Coal Tattoo

Suit to challenge U.S. funding for coal exports


Here’s some interesting news from the Chesapeake Climate Action Network:

Environmental groups today filed the first-ever lawsuit challenging the federal government’s financing for the export of Appalachian coal from the United States. The U.S. government approved this financial support for coal exports without considering the increased toxic air and water pollution that could affect communities near the mines and ports, and along the railways that connect them.

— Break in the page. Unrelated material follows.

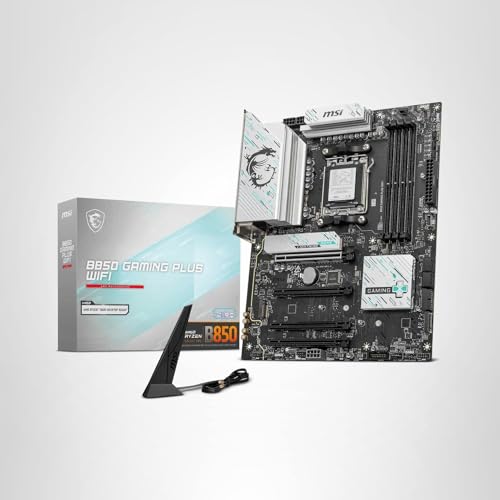 B850 GAMING PLUS WIFI: Win the Competition Designed for efficient and stable performance on the AMD B850 chipset (Ryzen 9000 / 8000 / 7000 supported, AM5), the MSI B850 GAMING PLUS WIFI motherboard includes premium GPU support with a PCIe 5.0 x16 slot, improved DDR5 memory support (8200+ MT/s OC), and extensive M.2 Gen5 storage options (with EZ M.2 Shield Frozr II). To power the latest Ryzen 9000 processors, the B850 GAMING PLUS WIFI is equipped with a 12 Duet Rail Power System (P-PAK) VRM for the CPU and dual 8-pin CPU power connectors, augmented with multiple passive cooling features. MSI gaming motherboards feature durable server-grade PCBs with 2oz of thickened copper and all-new Surface Mount Technology (SMT) solder welding for improved signal clarity. Connectivity includes full-speed Wi-Fi 7 and Bluetooth 5.4 technology, Realtek 5G LAN, USB 10Gbps Type-C, 4K/60Hz display support, and 7.1 HD audio. For gamers looking for an efficient AMD Ryzen 9000 / 8000 / 7000 platform that unites PCIe 5.0 x16 graphics card architecture, improved DDR5 support, and M.2 Gen5 storage options into one elegant design, the MSI B850 GAMING PLUS WIFI gaming motherboard is the perfect choice.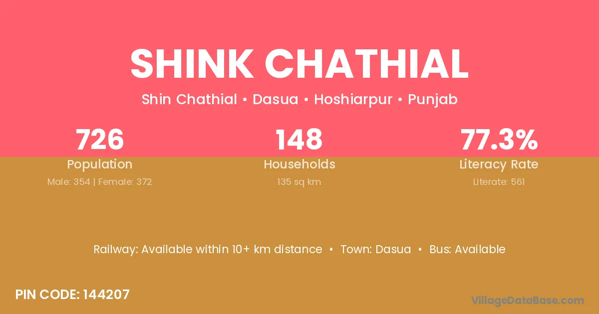 Shink Chathial village has a total population of 726 people, of which 354 are males and 372 are females.

The groups filing the lawsuit charge that the U.S. Export-Import Bank (Ex-Im Bank) violated federal law by providing a $90 million loan guarantee to Xcoal Energy & Resources without reviewing the environmental impacts as required under the National Environmental Policy Act (NEPA). According to Ex-Im Bank, the taxpayer-backed financing, approved on May 24, 2012, will help leverage a billion dollars in exports of coal mined in Appalachia. The coal will be shipped from ports in Baltimore, Maryland and Norfolk, Virginia to markets in Japan, South Korea, China and Italy.

As readers well know, with cheap natural gas pushing coal into a much smaller part of the domestic steam coal market, Appalachian mine operators are increasing interested in pumping up their share of the export market, on top of the increases that we’ve already seen.

A press release about the new lawsuit explains:

While U.S. coal consumption has declined gradually over the past 10 years, U.S. coal exports have risen. The array of air, water, safety, health, biodiversity, and other impacts on local communities and ecosystems — which face a chain reaction of increased mining, rail traffic, and port activity — remains woefully unaddressed by state and federal regulators.

“From the mine mouth to the smokestack, from Appalachia to Beijing, Ex-Im’s failure to account for the environmental impacts of U.S. coal exports not only violates the law, but it flies in the face of the agency’s own environmental policy and its Carbon Policy,” said Michelle Chan, Director of Economic Policy Programs at Friends of the Earth.